In discrete steps, you should be evolving the position and velocity of the particles as \begin{align} x_{new} &= x_{old}+v_{old}\cdot dt\tag{1}\\ v_{new} &= v_{old}+\frac{F}{m}\cdot dt\tag{2} \end{align} where $x$ and $v$ are 2D vectors.

Your most simple algorithm is the Euler method, described in Equations (1) & (2). A more stable integration scheme, called Verlet integration, goes

1. Compute the new position step: $$x_{n+1}=x_n+v_{n}dt+\frac12a(x_n)dt^2$$
2. Compute new velocity: $$v_{n+1}=v_{n}+\frac12\left(a(x_{n+1})+a(x_n)\right)dt$$
3. Set $x_n=x_{n+1}$ and $v_n=v_{n+1}$, increment time: $t=t+dt$ and repeat until $t=t_{end}$

And there are other integration methods available to you, but either of these two are simple enough to implement and should work for your purposes (provided $dt$ is small enough).

Answer 2

Just to be clear, this part

I take this resultant acceleration vector, and then set it as the velocity vector of the particle.

is where your simulation diverges from reality. It sounds like you know that. I've described how to fix your problem below - other than that, it sounds like you have a fine simulation design.

The solution to your problem can be found in the definition of acceleration.

Acceleration is the rate of change of velocity. In mathematical symbols,

$$ a = \frac{\Delta v}{\Delta t} $$

Where $\Delta v$ is the change in velocity for some small change in time $\Delta t$. We can expand this a little by writing out what $\Delta v$ means:

$$ a = \frac{v_1 - v_0}{\Delta t} $$

Since you want to find the velocity at the end of each time step in your simulation, let's solve for $v_1$:

$$ v_1 = v_0 + a \Delta t $$

This is your answer, but let's interpret it carefully. $v_1$ is the velocity at the end of each of your simulation's time steps. $v_0$ is the velocity at the end of the last time step, and at the beginning of the current time step. $\Delta t$ is the duration of your simulation's time step - this is something you have to set for your simulation - how long each discrete time step will be.

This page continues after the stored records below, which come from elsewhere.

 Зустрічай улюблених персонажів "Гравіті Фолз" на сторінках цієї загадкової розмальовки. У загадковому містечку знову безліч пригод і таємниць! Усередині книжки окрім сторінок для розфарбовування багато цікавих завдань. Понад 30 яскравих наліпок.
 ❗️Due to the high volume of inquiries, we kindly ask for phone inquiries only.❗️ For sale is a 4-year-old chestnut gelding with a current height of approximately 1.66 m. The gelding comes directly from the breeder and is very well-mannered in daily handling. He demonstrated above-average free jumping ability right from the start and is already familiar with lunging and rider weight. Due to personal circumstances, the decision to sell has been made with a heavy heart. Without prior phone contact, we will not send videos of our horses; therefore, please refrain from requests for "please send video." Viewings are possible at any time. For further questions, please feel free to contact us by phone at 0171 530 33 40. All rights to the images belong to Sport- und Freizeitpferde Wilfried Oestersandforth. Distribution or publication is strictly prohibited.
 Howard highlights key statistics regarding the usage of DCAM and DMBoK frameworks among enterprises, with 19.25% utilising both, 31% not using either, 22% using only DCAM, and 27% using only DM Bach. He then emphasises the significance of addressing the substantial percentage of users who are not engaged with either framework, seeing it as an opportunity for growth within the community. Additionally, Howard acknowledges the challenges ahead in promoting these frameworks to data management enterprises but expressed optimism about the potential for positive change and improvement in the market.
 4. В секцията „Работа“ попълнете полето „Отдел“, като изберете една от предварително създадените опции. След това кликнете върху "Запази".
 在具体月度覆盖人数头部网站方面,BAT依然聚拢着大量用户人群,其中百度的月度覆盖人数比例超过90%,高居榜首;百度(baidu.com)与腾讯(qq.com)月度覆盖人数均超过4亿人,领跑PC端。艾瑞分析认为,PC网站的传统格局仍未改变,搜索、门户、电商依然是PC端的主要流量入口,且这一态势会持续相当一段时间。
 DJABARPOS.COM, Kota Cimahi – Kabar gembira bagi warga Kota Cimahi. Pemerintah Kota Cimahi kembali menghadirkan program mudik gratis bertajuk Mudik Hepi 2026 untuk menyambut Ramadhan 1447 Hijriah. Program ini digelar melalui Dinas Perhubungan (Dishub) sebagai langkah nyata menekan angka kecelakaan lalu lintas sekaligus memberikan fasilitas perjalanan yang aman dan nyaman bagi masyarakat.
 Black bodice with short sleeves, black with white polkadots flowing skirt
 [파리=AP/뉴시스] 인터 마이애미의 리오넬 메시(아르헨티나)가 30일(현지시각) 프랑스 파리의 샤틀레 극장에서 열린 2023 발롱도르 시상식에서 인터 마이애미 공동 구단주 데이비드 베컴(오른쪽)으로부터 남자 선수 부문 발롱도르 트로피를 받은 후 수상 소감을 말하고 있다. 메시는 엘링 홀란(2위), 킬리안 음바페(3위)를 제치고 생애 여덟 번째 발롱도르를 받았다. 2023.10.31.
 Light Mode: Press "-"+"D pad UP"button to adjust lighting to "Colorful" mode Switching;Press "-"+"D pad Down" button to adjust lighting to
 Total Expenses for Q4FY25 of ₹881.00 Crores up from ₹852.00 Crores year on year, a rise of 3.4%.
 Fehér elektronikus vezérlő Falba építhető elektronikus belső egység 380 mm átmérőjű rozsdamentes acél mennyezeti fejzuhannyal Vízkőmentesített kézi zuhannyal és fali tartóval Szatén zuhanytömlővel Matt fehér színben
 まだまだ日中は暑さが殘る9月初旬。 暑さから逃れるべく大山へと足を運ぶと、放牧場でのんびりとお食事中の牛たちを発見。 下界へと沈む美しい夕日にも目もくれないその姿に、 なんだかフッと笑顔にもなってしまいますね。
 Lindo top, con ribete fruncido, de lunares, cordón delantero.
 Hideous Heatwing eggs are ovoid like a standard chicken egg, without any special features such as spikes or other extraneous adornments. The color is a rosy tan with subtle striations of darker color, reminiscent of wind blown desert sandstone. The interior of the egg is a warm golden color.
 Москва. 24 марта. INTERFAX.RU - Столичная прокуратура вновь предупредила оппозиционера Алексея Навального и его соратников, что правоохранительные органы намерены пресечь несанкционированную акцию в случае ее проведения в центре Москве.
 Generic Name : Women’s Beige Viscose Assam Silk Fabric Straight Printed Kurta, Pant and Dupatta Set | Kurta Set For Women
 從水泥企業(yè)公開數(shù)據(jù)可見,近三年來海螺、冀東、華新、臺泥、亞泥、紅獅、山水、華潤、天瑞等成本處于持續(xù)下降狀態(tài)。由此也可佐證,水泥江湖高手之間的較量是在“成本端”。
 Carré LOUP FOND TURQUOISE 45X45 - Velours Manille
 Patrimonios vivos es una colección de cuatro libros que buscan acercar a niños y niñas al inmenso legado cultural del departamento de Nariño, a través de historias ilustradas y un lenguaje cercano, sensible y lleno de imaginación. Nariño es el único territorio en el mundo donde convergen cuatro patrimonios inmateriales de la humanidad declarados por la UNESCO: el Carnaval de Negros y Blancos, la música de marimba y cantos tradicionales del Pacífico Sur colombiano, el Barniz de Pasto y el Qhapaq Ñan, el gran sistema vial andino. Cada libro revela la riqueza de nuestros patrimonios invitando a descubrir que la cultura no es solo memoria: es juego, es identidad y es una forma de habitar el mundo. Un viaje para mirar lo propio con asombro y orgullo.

So, what this equation tells you is that to "update" the velocity (get the current velocity $v_1$), you take the previous velocity of your particle $v_0$ and add the amount $a \Delta t$.

Now, it sounds like you're doing this in two dimensions, so these are all really vectors:

$$ \vec{v}_1 = \vec{v_0} + \vec{a} \Delta t $$

which means we have two equations, one for each dimension:

$$ v_{1,x} = v_{0,x} + a_x \Delta t $$

and

$$ v_{1,y} = v_{0,y} + a_y \Delta t $$